This method is almost identical to the process used for generating the OAuth tokens in the TwitteR
app, and a good description of how to do it can be found in this blog post.
However, I am feeling pretty lazy today and so I will just use the temporary method.
4 Ultra Running Community
With nearly 18,000 members, the Ultra Running Community Facebook page is a very active community of ultrarunners from around the world. Runners are able to ask questions, share blogs, and generally speak with like-minded individuals about everything from gear selection to how best to prevent chaffing when running. It’s been going since June 2012, so there are a fair few posts available to look through.
So let’s load in all of the posts from the URC page:
library("Rfacebook")
token <- "XXXXXX" ## Insert your temporary token from Graph API Explorer
URC <- getGroup("259647654139161", token, n=50000)

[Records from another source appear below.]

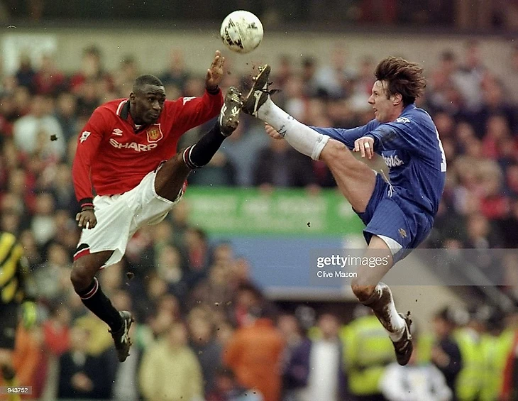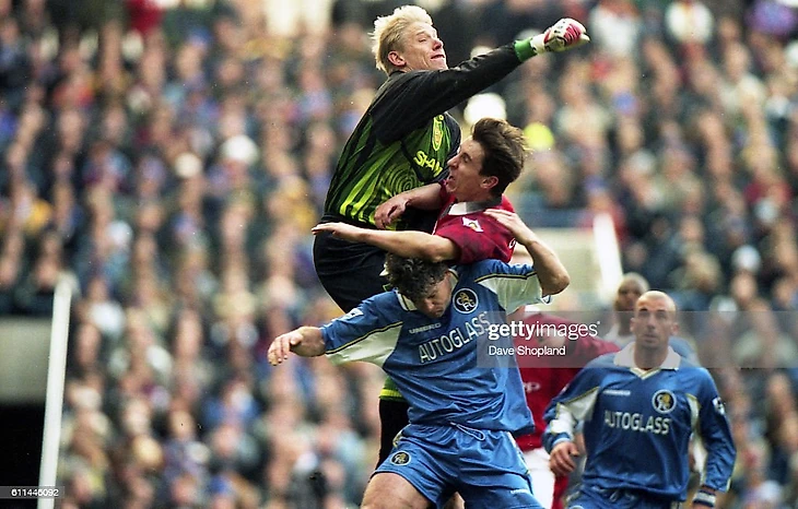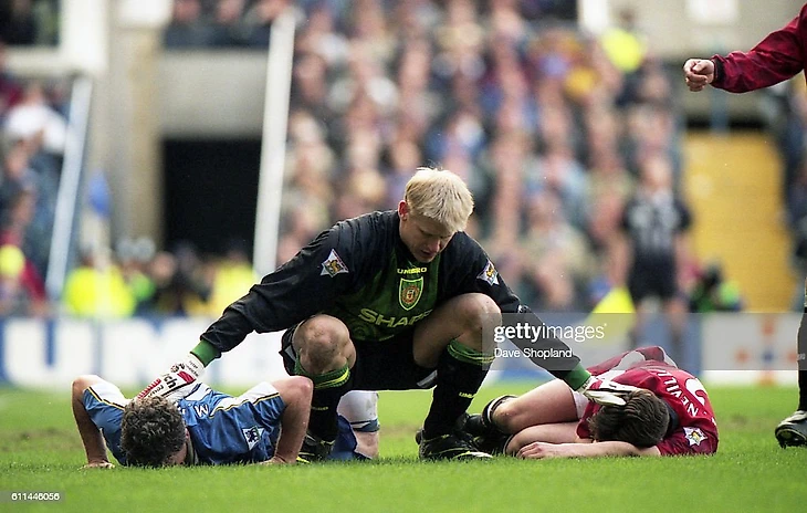 Что делает Петер? Он пытается привести в чувство Марка Хьюза и Гари Невилла, которые попали под "замес" его могучего выноса мяча из штрафной: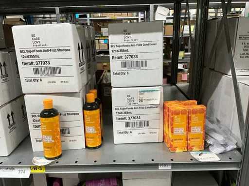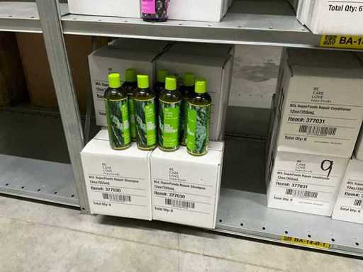 Składa się z: szamponu, serum, odżywki itd.; półki w 1 sekcji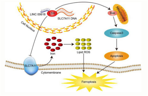 进一步研究发现LINC00618在人类白血病中的表达减少,LINC00618 通过增加BCL2的水平和半胱氨酸蛋白酶-3的裂解来促进细胞凋亡,通过增加脂质活性氧和铁水平,并减少溶质载体家族成员SLC7A11的表达来加速铁死亡。此外,LINC00618还可通过降低LSH蛋白水平,抑制SLC7A11转录,促进白血病细胞发生铁死亡。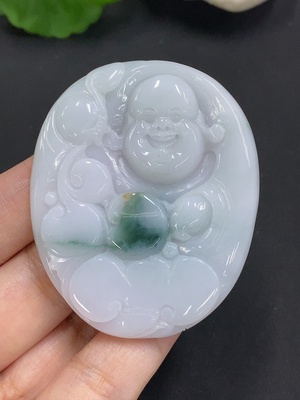 F35163719 Jadeite Buddha Pendant Total Weight Approx. 45.8g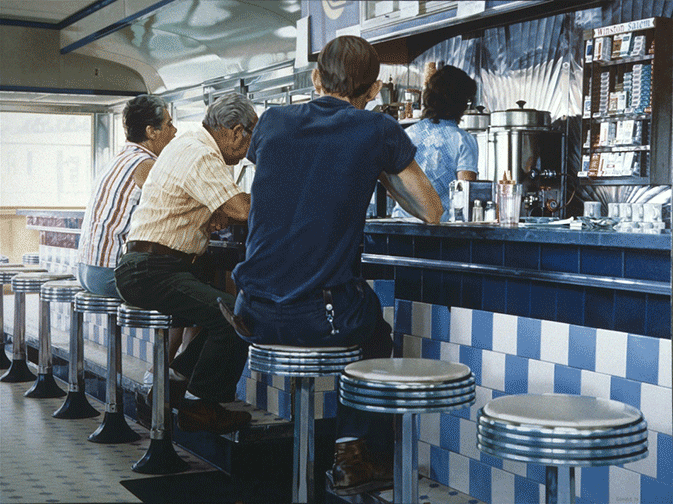 Ralph Goings is one of the founders of Photorealism, he’s known for his paintings of diner interiors and other still-lifes, he also works from photos. In this scene the camera’s exposure was set to capture the interior scene which caused the details outside the widow to be overcome by brightness. Of course our eyes would have been able to see those details.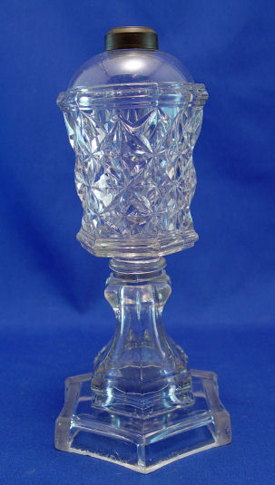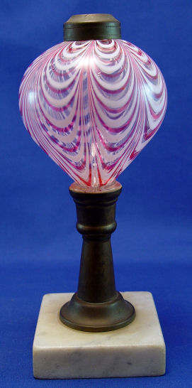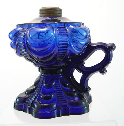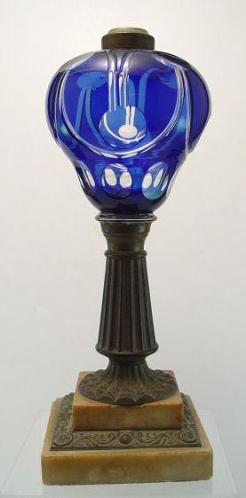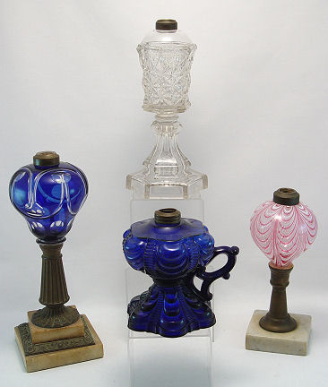 GROUP OF 4 PERIOD OIL LAMPS: Starting with the two believed to be Sandwich Glass- Cobalt overlay cut to clear font, brass stem, double marble base. The other Sandwich lamp has cranberry and white loopings, brass stem and marble base, 9 1/2''h. These two lamps are sold with a cobalt glass Coolidge Drape finger lamp, 5 3/4''h ( dent in the collar) and a 10'' whale oil lamp (chips on underside of base).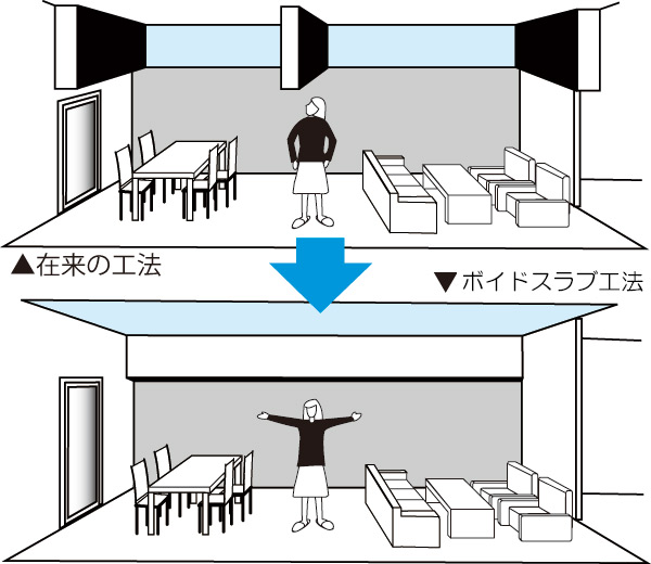 天井の小梁が少なくなり、すっきりとした空間でインテリアがより自由に楽しめます。(一部除く)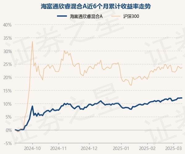 证券之星消息,3月11日,海富通欣睿混合A最新单位净值为1.2435元,累计净值为1.2435元,较前一交易日上涨0.0%。历史数据显示该基金近1个月上涨1.28%,近3个月上涨1.44%,近6个月上涨12.16%,近1年上涨9.79%。该基金近6个月的累计收益率走势如下图: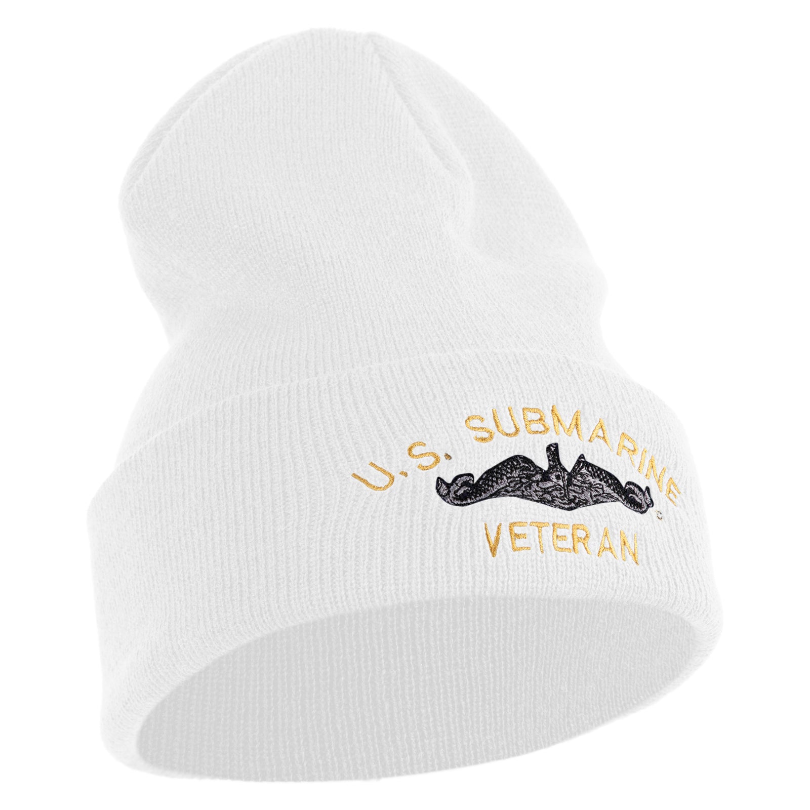 Title, US Submarine Veteran Military Embroidered 12 inch Cuffed Knit YP Long Beanie

This command will create an object of class data.frame
containing the most recent 50,000 posts available in the Facebook Group with ID 259647654139161
(which is the internal ID for the Ultra Running Community page). The page was set up in June 2012 By Neil Bryant, and currently (as of 20th March 2017) contains a total of 24,836 posts. So this command will actually capture every single post.
The data.frame
is somewhat of the workhorse of R, and looks to the user like a spreadsheet like you would expect to see in Excel. Behind the scene it is actually a list of lists, with each column representing a particular measurement or descriptive annotation of that particular datum. The ideal situation is to design your data frame such that every row is an individual measurement, and every column is some aspect relating to that measurement. This can sometimes go against the instinctual way that you might store data, but makes downstream analyses much simpler.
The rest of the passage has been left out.